3. **Input Monitoring:** Enable this permission so VIA can listen for your global push-to-talk hotkeys when it is running in the background.
- *If using Option 1 (Binary):* Add and enable `VoiceInputAssistant.app`.
- *If using Option 2 (Source):* Enable your host application.
4. **Microphone (Option 1 Only):** The first time you press the hotkey in the standalone app, macOS will prompt you to allow Microphone access. Click **OK**.

> **Note on using the `Fn` (Globe) key as a hotkey:** If you intend to use the `Fn` key as your hotkey, you will likely need to disable macOS system shortcuts that use it to prevent conflicts.

---

### 🪟 Windows

#### Option 1: Using Pre-built Binaries (Recommended)
1. Go to the [Releases](https://github.com/yuhao-he/voice-input-assistant/releases) page.
2. Download the `VoiceInputAssistant-Windows.zip` file.
3. Extract the ZIP file and run `VoiceInputAssistant.exe`.

#### Option 2: Building from Source
```powershell
# Clone the repo
git clone https://github.com/yuhao-he/voice-input-assistant.git
cd voice-input-assistant

# Create and activate virtual environment
python -m venv venv
venv\Scripts\activate

# Install dependencies
pip install -r requirements.txt
pip install "PyQt6==6.6.1" "PyQt6-Qt6==6.6.2"

# Run the app
python main.py
```

---

### 🐧 Linux

#### Option 1: Using Pre-built Binaries (Recommended)
1. Go to the [Releases](https://github.com/yuhao-he/voice-input-assistant/releases) page.
2. Download the `VoiceInputAssistant-Linux.tar.gz` file.
3. Extract the archive and run the `VoiceInputAssistant` executable.

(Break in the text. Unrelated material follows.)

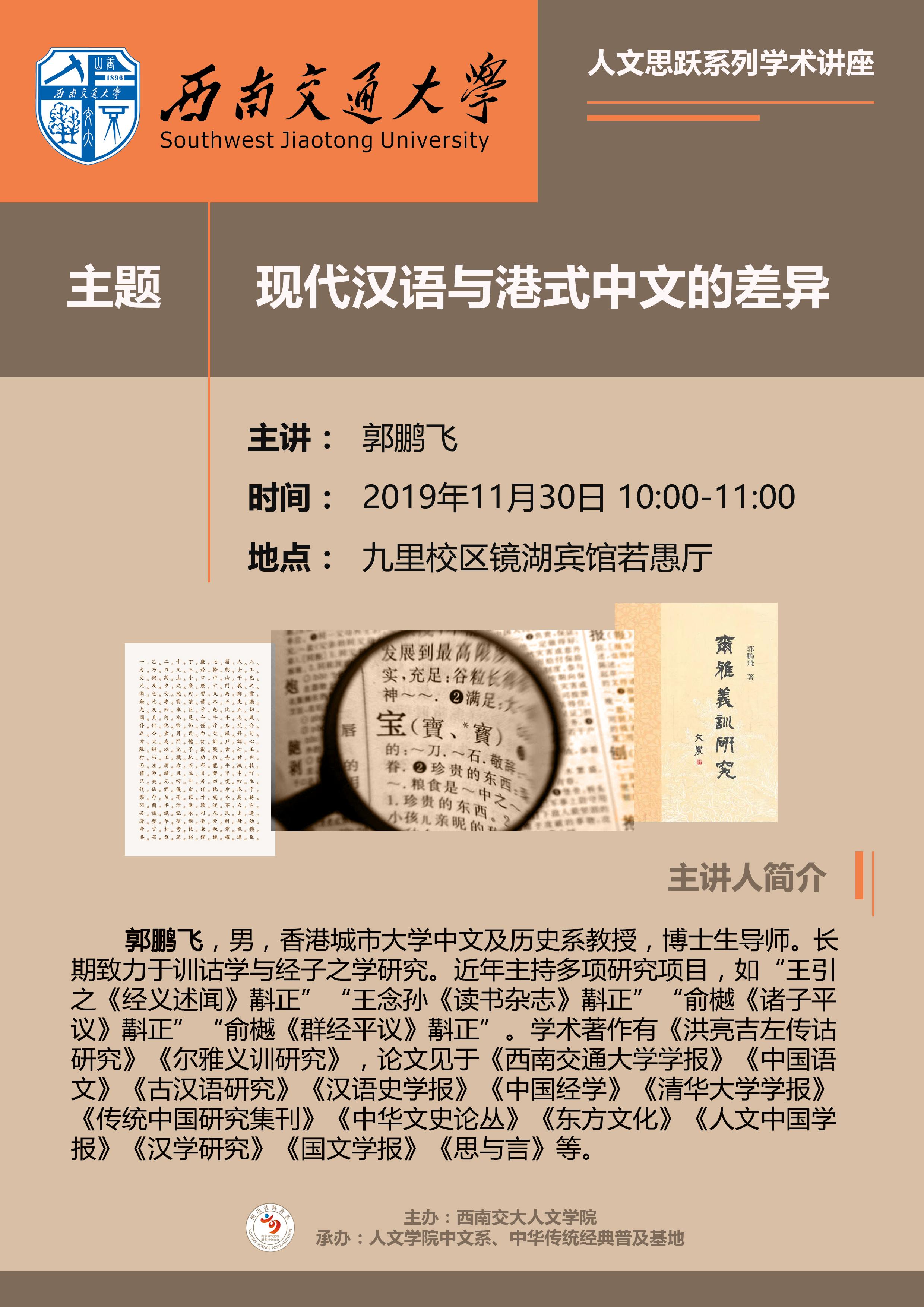郭鹏飞,香港城市大学中文及历史系教授,博士生导师。长期致力于训诂学与经子之学研究。近年主持多项研究项目,如“王引之《经义述闻》斠正”“王念孙《读书杂志》斠正”“俞樾《诸子平议》斠正”“俞樾《群经平议》斠正”。学术著作有《洪亮吉左传诂研究》《尔雅义训研究》,论文见于《西南交通大学学报》《中国语文》《古汉语研究》《汉语史学报》《中国经学》《清华大学学报》《传统中国研究集刊》《中华文史论丛》《东方文化》《人文中国学报》《汉学研究》《国文学报》《思与言》等。

#### Option 2: Building from Source
To build on Linux, you will need C headers for the audio bindings (`libasound2-dev` or `portaudio19-dev`).
```bash
# Clone the repository
git clone https://github.com/yuhao-he/voice-input-assistant.git
cd voice-input-assistant

# Create a virtual environment
python3 -m venv venv
source venv/bin/activate

# Install dependencies
pip install -r requirements.txt

# Run the app
python main.py
```

## Running the App

Once running, press **`Ctrl` + `Shift` + `Alt` + `Q`** anywhere to show or hide the settings menu.

You can also access the settings menu via the microphone icon in your system tray or macOS menu bar.